Now this is a post of some substance,I’ve never come across this information elsewhere.
Any idea on how to print out individual posts?

I did say that the point of my posts this week was to show trading that is less than optimal. I did not expect to have such a big error to show. It is important to have an open mind and strategies available that allow you to respond to what you see. I became ‘certain’ of further downside action last night - big error. Double bottom, divergence, doji, down tails are all telling you that the downmove may reverse. In addition as I pointed out we are at a major level on the weekly and Jocelyn has given a good description of why it can be so choppy at major levels (I read it Jocelyn and now have learnt what it means!). I stayed short as I posted last night so was duly stopped out at break even. However just prior to the fed cut there is a host of information allowing a further long posiiton to be taken. Resistance becomes support, there is a James IB entry, no significant retracement on the huge H1 bull candle that has signalled the turnaround and I sat idly by and did nothing. No doubt this all strikes a chord with many out there. Onto another day!

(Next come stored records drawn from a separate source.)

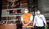REPUBLIKA.CO.ID, JAKARTA -- Tersangka mantan Camat Rawa Lumbu, Bekasi, Jawa Barat, Makhfud Saifudin memasuki mobil tahanan usai menjalani pemeriksaan di gedung KPK, Jakarta, Senin (17/1/2022). KPK memeriksa Makhfud Saifudin terkait dugaan kasus korupsi pengadaan barang dan jasa serta lelang jabatan di Pemerintahan Kota Bekasi dengan barang bukti uang sebesar Rp3 miliar dan buku tabungan dengan saldo Rp2 miliar. ANTARA FOTO/M Risyal
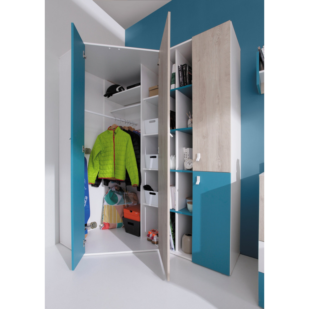 Szafa Plan 90 PRAWA/LEWA Biały Lux/Dąb/Morski narożna
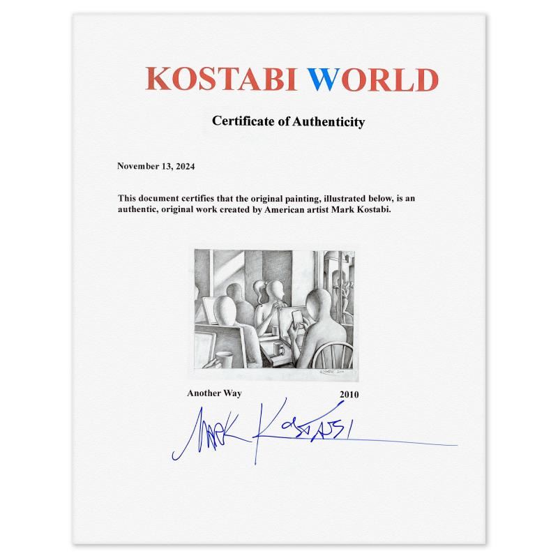 "Another Way" is an original drawing on paper by Mark Kostabi, hand signed by the artist. This piece comes custom framed. Includes Certificate of Authenticity. Measures approx. 18" x 20.5" (frame), 12" x 14.5" (image). This item requires special handling and may have a longer than usual turnaround.
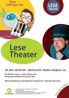Erbach. Zum bundesweiten Vorlesetag kommt das Mainzer Lesetheater am 18. November um 18:30 Uhr in die Bücherei St. Sophia in die Erbacher Hauptstraße 42. Für das Stück "Theo trifft den Ton" für Kinder im 1. und 2. Schuljahr und im Vorschulalter ist der Eintritt frei, um eine Spende wird gebeten. Die Anmeldung erfolgt in der Bücherei.
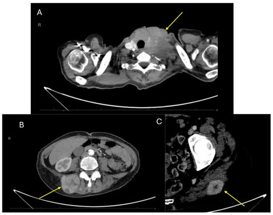 CT images of recurrences during the follow-up period: (A) Extensive supraclavicular recurrence 4 years after radical surgery. Absence of the vascular bundle of the neck, resected in radical cervical dissection surgery. (B) Contralateral paravertebral metastasis 3 years after diagnosis. (C) Ipsilateral gluteal metastasis 3 years after initial diagnosis.
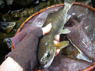 そして、鱗だけが残った痛恨のバラシが一回(ヤマメ?)、特大の「鯉」のバラシが一回。
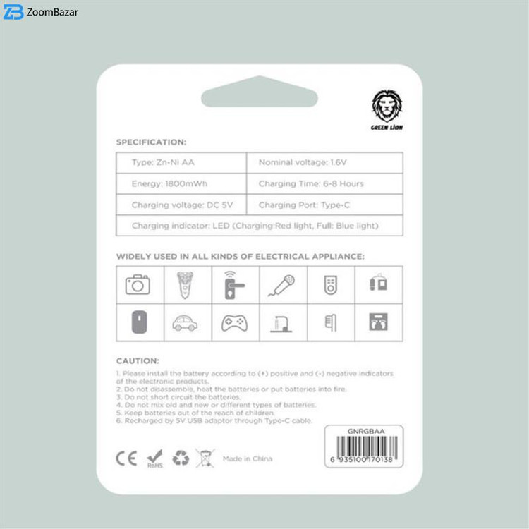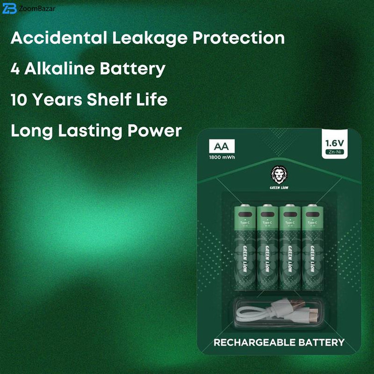 باتری قلمی قابل شارژ گرین لاین GNRGBAA ظرفیت 1800 میلی آمپر بسته 4 عددی
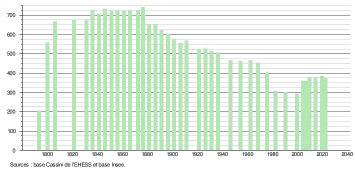 - ↑ Fiches Insee - Populations de référence de la commune pour les années 2006, 2007, 2008, 2009, 2010, 2011, 2012, 2013, 2014, 2015, 2016, 2017, 2018, 2019, 2020, 2021 et 2022.
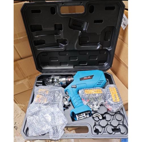 Design: The tool is battery-powered and cordless, making it portable for on-site work. The kit includes interchangeable dies for crimping different sizes of cables, typically ranging from 16 to 300mm².

Yes I did tony,I came out of it with 36 pips.I had to leave and did not want to leave it open! LOL,maybe that is a newbie thing but I thought take what I have and go!..I think I may be getting the hang of this.thanks to you guys.I am 4.9% on my capital in 2 days.

Hi Tony,
Is it correct to say that your preference in trading is too focus on getting into trades after the retrace to the 78.6? Any paricular reason why this such a favorite?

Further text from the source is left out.